Phase 32 — Natural language to SkeinQL with verification (R12)¶

[x] T310: NL→SkeinQL prompt+schema packaging format (offline first). Evidence: AiNlPromptPackage, build_nl_prompt, ai.nl.translate, and ai_nl_translate_packages_schema / ai_nl_translate_explain_execute_roundtrip.
[x] T311: Query explanation generator from dependency sets + planner info. Evidence: ai.nl.explain, dependencies_for_query, ai_nl_preview, and explanation fields for tables/projection/filters/order/limit/deps.
[x] T312: Verification UI flow: explanation + sample rows + approval gate. Evidence: SkeinAdmin NL Lab query JSON / preview / approval-token controls plus ai_nl_translate_explain_execute_rpc_roundtrip.
[x] T313: Safety policy: forbid writes unless explicit confirmation token. Evidence: the SkeinQL Query shape is read-query-only for this surface, ai.nl.explain only accepts SELECT, ai.nl.execute recomputes the approval token from query+args+deps, and tampered-query execution is rejected in ai_nl_translate_explain_execute_roundtrip.

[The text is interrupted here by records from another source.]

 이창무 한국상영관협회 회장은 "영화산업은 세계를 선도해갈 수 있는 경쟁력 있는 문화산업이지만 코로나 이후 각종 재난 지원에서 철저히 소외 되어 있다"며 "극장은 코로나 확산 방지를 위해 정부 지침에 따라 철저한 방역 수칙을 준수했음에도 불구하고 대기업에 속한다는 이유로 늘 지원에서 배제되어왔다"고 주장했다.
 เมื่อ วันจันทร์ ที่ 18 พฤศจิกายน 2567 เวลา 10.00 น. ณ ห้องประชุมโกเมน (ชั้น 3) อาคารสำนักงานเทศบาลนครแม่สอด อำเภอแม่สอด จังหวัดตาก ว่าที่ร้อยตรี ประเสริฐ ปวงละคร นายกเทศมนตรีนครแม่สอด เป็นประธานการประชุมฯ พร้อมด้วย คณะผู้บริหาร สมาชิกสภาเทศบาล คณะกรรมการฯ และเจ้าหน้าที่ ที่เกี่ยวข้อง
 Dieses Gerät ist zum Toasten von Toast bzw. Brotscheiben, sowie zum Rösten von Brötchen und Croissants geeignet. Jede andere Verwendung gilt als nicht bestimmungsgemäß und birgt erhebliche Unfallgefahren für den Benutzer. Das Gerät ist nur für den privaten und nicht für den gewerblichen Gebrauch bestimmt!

[x] T314: Evaluation harness: adapted text-to-SQL benchmarks (execution match). Evidence: skeindb nl-eval, NlEvalReport.execution_matches, eval_examples_exact_and_exec_match, and eval_examples_uses_rule_translation_for_execution_match.

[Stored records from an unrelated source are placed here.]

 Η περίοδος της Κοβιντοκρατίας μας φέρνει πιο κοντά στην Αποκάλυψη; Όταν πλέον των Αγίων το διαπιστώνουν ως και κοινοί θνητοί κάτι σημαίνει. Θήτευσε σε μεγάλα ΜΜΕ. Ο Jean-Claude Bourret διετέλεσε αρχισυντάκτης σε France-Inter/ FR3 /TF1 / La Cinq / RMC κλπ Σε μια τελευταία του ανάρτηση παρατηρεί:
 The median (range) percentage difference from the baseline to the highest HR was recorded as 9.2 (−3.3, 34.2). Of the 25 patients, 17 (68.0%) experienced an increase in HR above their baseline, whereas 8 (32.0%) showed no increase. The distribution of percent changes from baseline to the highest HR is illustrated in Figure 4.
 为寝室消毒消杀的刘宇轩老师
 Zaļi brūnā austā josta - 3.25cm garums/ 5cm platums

[x] T315: Iterative refinement protocol (user feedback loop). Evidence: prompt packages include stable fingerprint, editable generated query JSON, explicit args, preview re-explain, and reapproval before execution in SkeinAdmin.
[x] T316: SkeinAdmin “NL Query” page (experimental). Evidence: NL Lab (R11-R12) panel wires ai.nl.translate, ai.nl.explain, and ai.nl.execute with approval-token-gated execution.

Phase 33 — Conflict-free schema evolution (R15)¶

[x] T320: Schema version tagging in MVCC row versions. Evidence: RowEntry.schema_version / RowEntryDisk.schema_version, v3 table-row payloads with legacy v2 normalization on load, merge/apply row stamping, and schema_version_tags_row_entries_and_normalizes_legacy_rows.
[x] T321: Concurrent schema changes protocol (add column/index) + conflict detection
[x] T322: Query execution across schema heterogeneity (safe conversions). Evidence: schema-aware row materialization now adapts heterogeneous legacy rows via MySQL-compatible column defaults or NULL across batch/non-batch selects, keyed reads, joins, and query_select_adapts_legacy_rows_to_schema_defaults.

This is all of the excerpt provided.